● **ENTRIES SUPPLIED**
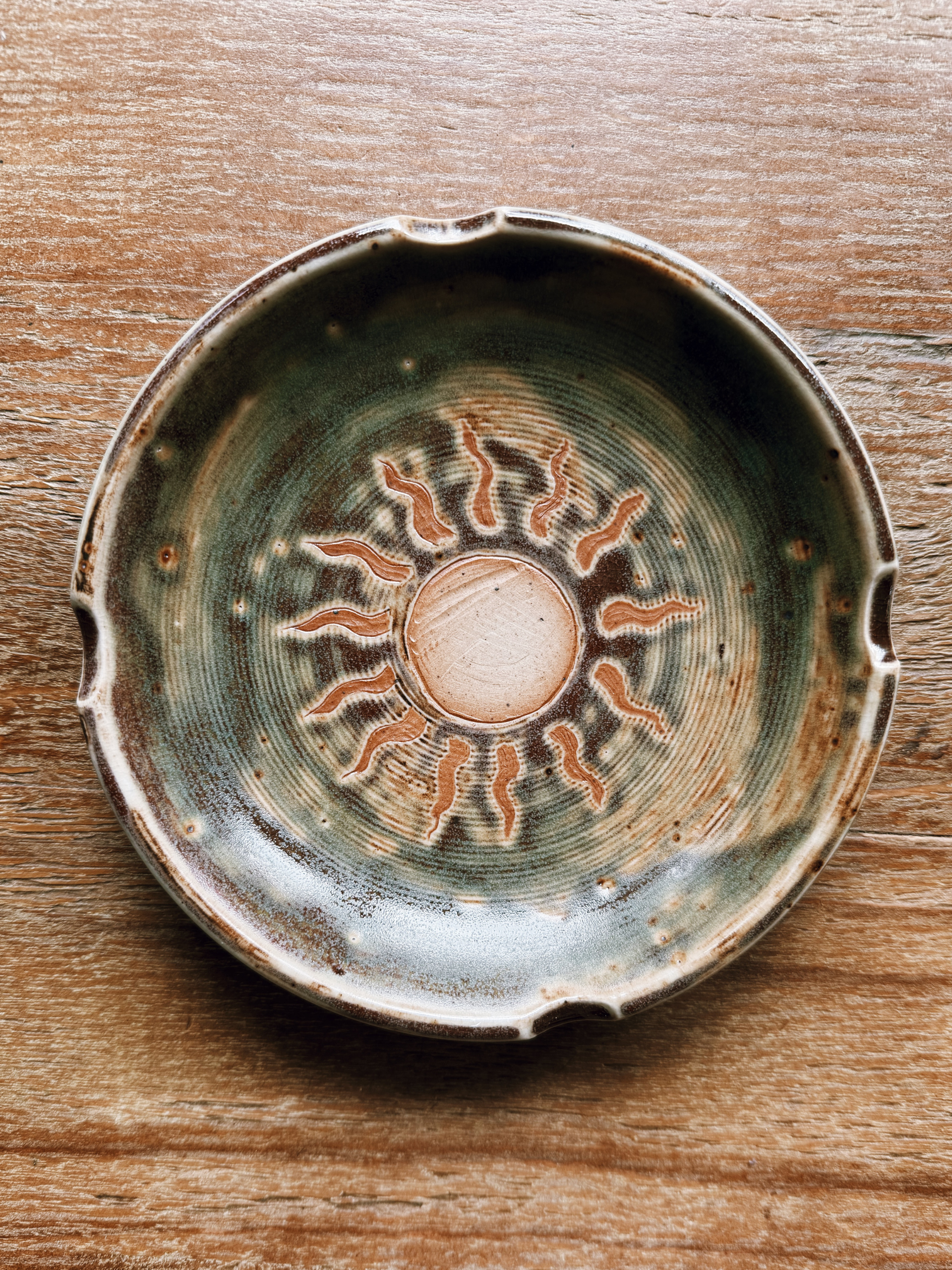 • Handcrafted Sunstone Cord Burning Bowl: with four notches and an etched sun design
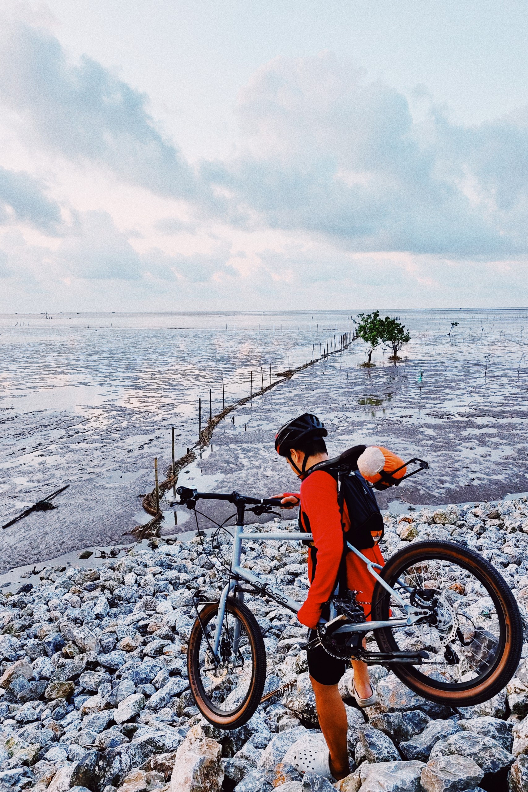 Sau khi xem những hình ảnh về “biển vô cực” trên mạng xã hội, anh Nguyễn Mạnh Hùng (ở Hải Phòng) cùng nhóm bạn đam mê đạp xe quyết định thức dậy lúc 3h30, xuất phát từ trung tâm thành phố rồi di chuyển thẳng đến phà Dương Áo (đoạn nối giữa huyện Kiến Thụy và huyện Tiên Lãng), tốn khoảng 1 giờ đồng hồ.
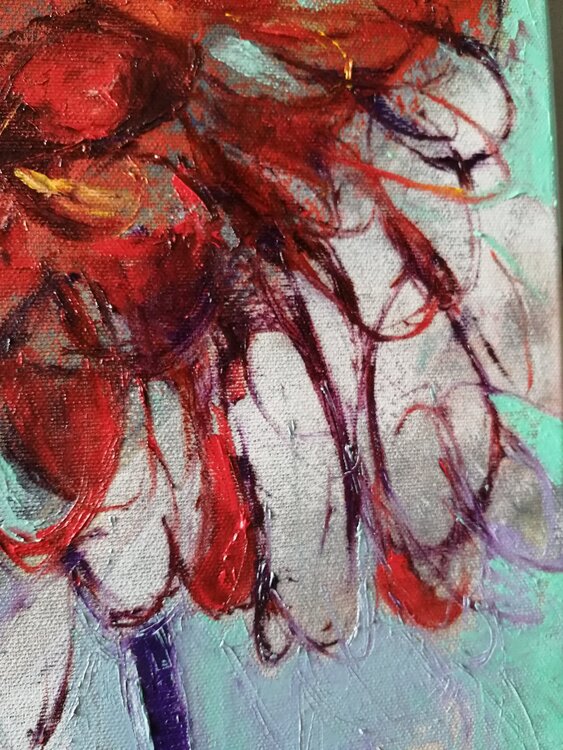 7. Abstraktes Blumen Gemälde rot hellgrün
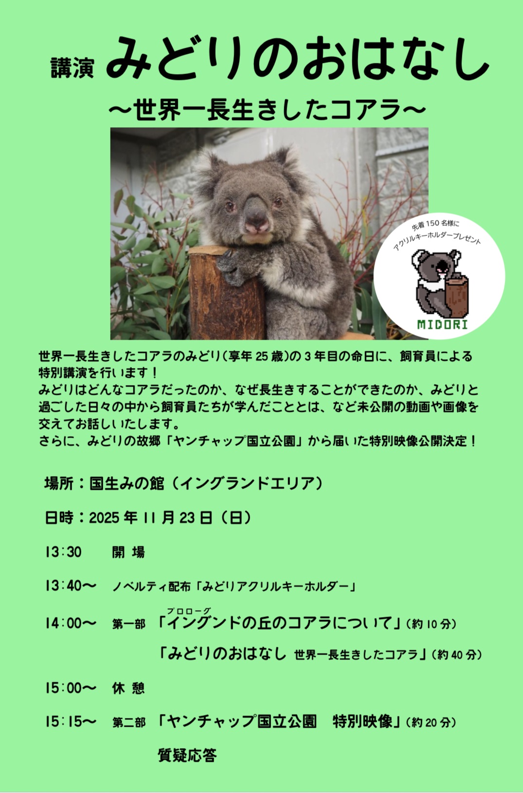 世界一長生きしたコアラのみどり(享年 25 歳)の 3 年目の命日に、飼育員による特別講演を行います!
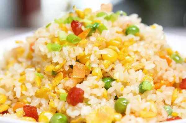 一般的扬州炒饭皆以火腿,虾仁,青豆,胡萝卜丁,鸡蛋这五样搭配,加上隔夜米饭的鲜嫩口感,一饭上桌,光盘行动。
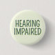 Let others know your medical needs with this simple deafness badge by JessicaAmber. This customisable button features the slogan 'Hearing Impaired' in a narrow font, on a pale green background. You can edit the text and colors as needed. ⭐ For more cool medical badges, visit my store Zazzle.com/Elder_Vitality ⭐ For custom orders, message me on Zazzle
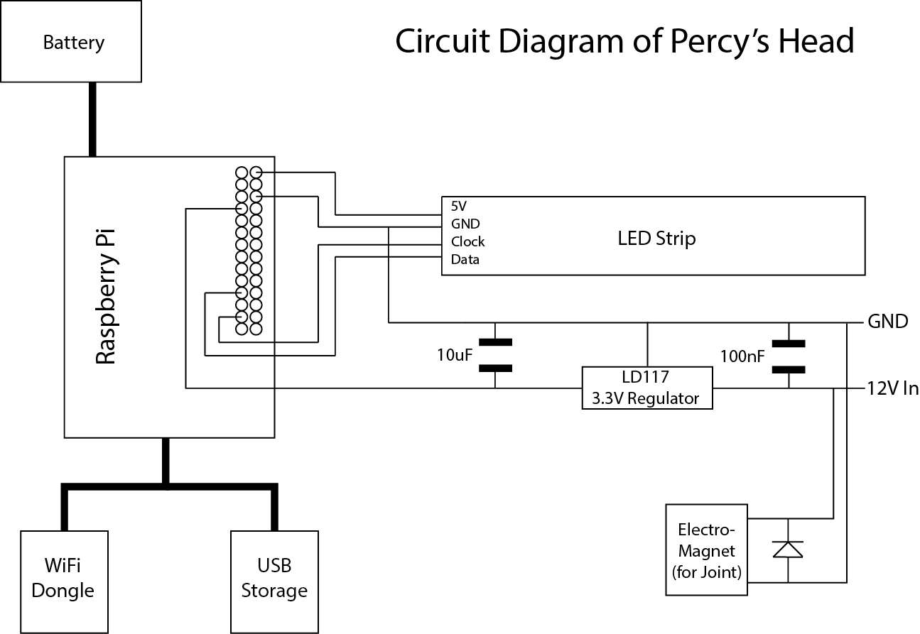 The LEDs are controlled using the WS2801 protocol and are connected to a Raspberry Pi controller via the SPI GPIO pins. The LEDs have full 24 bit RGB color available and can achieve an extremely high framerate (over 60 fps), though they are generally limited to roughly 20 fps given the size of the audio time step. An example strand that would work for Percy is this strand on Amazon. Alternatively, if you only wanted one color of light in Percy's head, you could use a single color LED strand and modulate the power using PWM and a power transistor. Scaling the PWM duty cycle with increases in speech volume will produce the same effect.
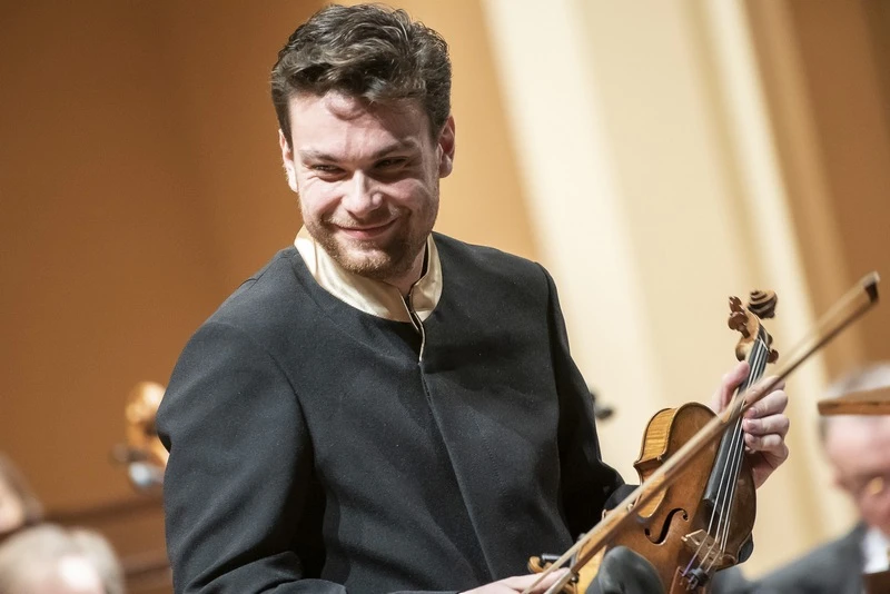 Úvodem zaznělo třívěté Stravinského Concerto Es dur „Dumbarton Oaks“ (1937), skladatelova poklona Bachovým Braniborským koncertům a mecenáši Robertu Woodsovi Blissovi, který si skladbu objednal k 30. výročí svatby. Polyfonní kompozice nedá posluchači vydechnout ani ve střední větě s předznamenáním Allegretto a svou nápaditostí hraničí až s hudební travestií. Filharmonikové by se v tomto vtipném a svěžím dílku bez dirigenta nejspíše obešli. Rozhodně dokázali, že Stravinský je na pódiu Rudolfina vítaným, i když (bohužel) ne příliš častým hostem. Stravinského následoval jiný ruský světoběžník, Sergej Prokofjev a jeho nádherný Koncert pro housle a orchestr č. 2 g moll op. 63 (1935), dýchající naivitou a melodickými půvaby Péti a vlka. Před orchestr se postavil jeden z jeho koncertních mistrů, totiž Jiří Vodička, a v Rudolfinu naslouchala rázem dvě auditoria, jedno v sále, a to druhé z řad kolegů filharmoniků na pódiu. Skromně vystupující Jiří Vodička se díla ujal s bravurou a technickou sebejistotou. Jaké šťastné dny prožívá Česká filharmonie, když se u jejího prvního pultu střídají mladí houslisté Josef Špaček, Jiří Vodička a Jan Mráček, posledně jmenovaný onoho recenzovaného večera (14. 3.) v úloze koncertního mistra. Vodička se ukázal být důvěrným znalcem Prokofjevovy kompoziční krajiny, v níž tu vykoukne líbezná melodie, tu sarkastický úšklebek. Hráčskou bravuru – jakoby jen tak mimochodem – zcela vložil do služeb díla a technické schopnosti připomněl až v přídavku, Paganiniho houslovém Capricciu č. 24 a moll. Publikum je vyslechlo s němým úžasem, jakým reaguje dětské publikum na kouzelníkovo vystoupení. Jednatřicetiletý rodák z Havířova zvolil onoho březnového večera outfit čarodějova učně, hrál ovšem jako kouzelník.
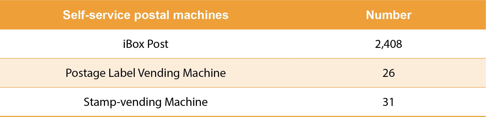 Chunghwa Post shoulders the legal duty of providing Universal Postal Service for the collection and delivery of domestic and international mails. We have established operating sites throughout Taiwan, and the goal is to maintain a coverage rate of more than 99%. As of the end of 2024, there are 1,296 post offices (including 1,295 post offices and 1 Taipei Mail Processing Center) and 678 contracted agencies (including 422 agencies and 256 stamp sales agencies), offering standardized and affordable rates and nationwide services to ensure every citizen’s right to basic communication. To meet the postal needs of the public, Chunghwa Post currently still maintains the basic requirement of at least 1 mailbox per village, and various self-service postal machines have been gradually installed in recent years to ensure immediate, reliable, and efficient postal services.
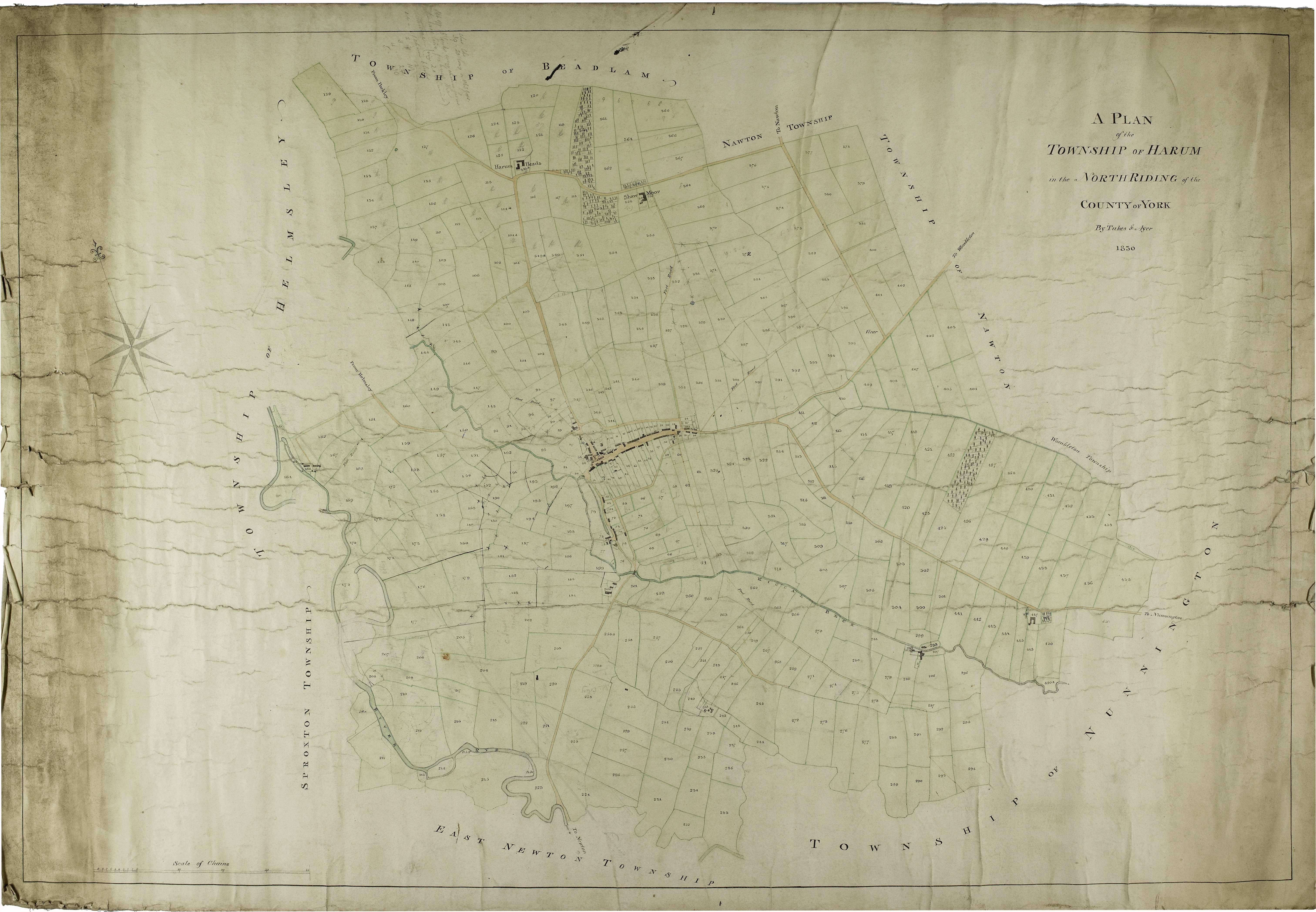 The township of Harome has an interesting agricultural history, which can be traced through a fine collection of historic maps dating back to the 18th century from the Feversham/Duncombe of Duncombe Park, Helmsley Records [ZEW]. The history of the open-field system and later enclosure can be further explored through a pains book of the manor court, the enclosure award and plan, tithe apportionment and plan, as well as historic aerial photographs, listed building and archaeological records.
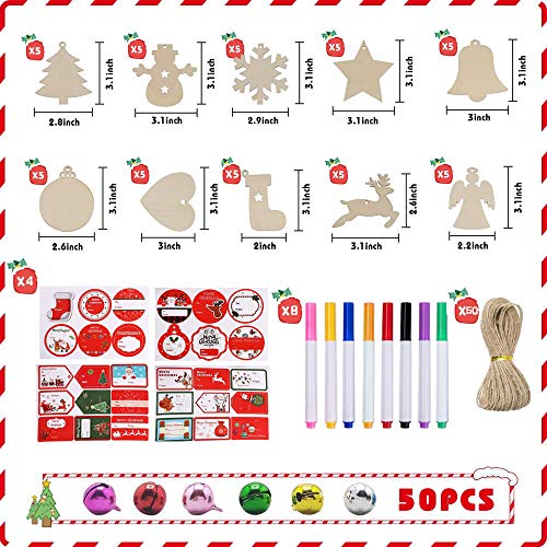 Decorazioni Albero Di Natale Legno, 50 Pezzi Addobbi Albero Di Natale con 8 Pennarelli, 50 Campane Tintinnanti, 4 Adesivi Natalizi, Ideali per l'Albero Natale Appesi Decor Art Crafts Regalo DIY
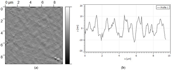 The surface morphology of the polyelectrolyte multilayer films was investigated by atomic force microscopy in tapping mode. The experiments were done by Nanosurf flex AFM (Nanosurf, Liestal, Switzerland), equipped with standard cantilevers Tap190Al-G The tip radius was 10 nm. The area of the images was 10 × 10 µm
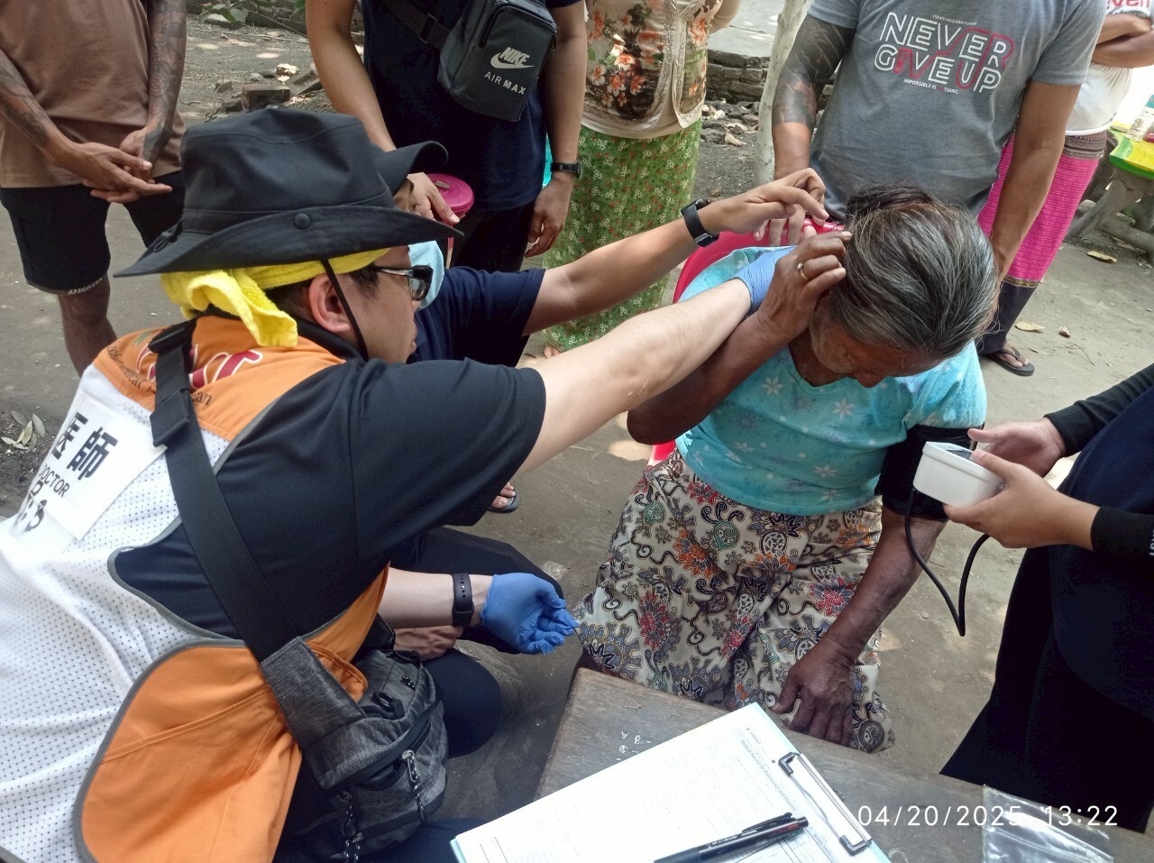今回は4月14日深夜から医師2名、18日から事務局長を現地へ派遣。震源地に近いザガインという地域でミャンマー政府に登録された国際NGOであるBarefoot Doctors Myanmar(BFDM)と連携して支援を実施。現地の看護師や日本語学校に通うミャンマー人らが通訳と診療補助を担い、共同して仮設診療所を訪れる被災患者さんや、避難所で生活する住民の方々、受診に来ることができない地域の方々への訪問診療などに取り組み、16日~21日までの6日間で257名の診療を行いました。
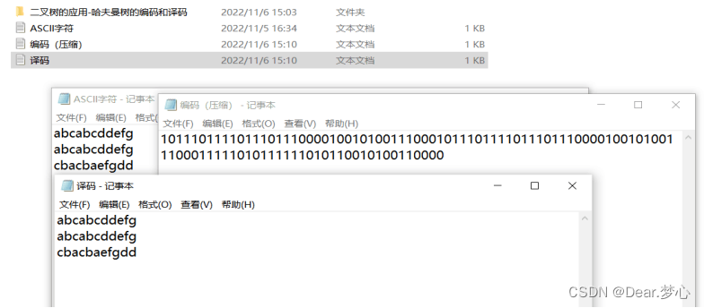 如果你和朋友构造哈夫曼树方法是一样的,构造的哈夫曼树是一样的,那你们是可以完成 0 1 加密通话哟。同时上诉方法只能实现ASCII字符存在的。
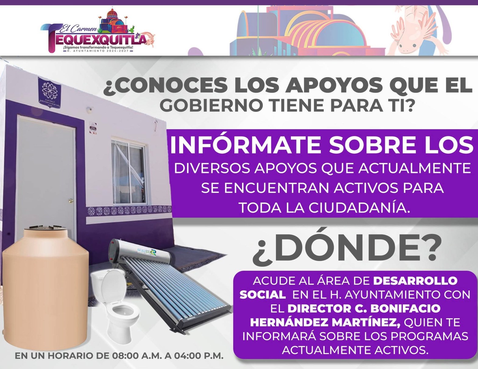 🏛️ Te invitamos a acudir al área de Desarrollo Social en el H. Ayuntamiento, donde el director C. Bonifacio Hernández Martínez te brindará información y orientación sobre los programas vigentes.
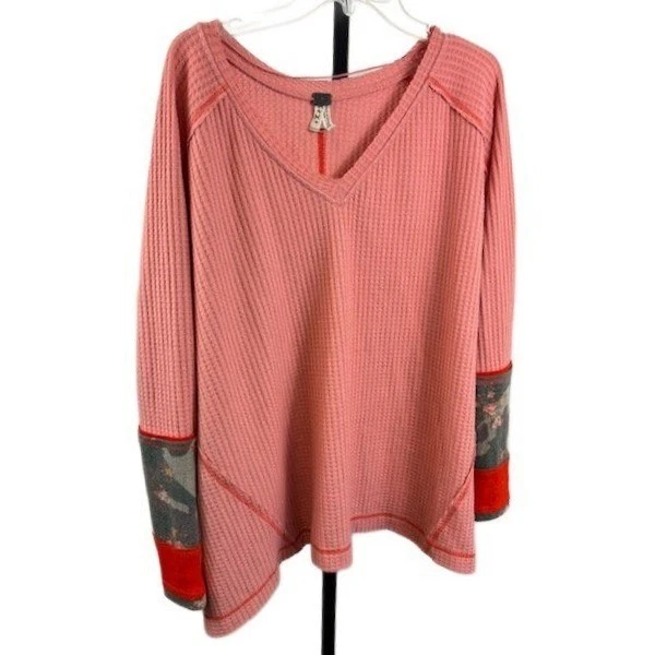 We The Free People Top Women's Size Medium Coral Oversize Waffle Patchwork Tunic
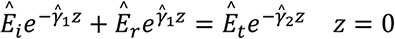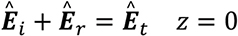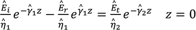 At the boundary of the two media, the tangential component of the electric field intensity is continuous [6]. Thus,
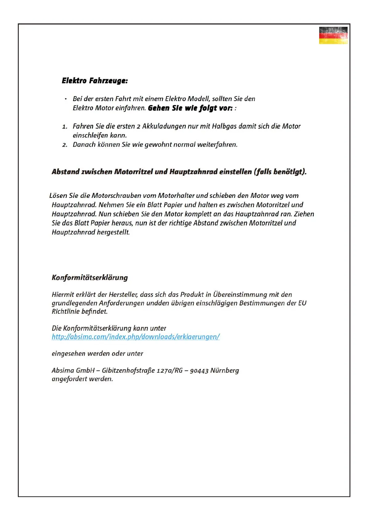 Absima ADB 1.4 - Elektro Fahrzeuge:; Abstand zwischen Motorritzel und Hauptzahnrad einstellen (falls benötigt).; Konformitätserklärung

● **GOAL OF THE EXERCISE**
Exactly as they stand, set down the lines from the start of the material through the line with "Sau khi xem", both ends included, omitting the pictures.

● **ANSWER AREA**
 • Handcrafted Sunstone Cord Burning Bowl: with four notches and an etched sun design
 Sau khi xem những hình ảnh về “biển vô cực” trên mạng xã hội, anh Nguyễn Mạnh Hùng (ở Hải Phòng) cùng nhóm bạn đam mê đạp xe quyết định thức dậy lúc 3h30, xuất phát từ trung tâm thành phố rồi di chuyển thẳng đến phà Dương Áo (đoạn nối giữa huyện Kiến Thụy và huyện Tiên Lãng), tốn khoảng 1 giờ đồng hồ.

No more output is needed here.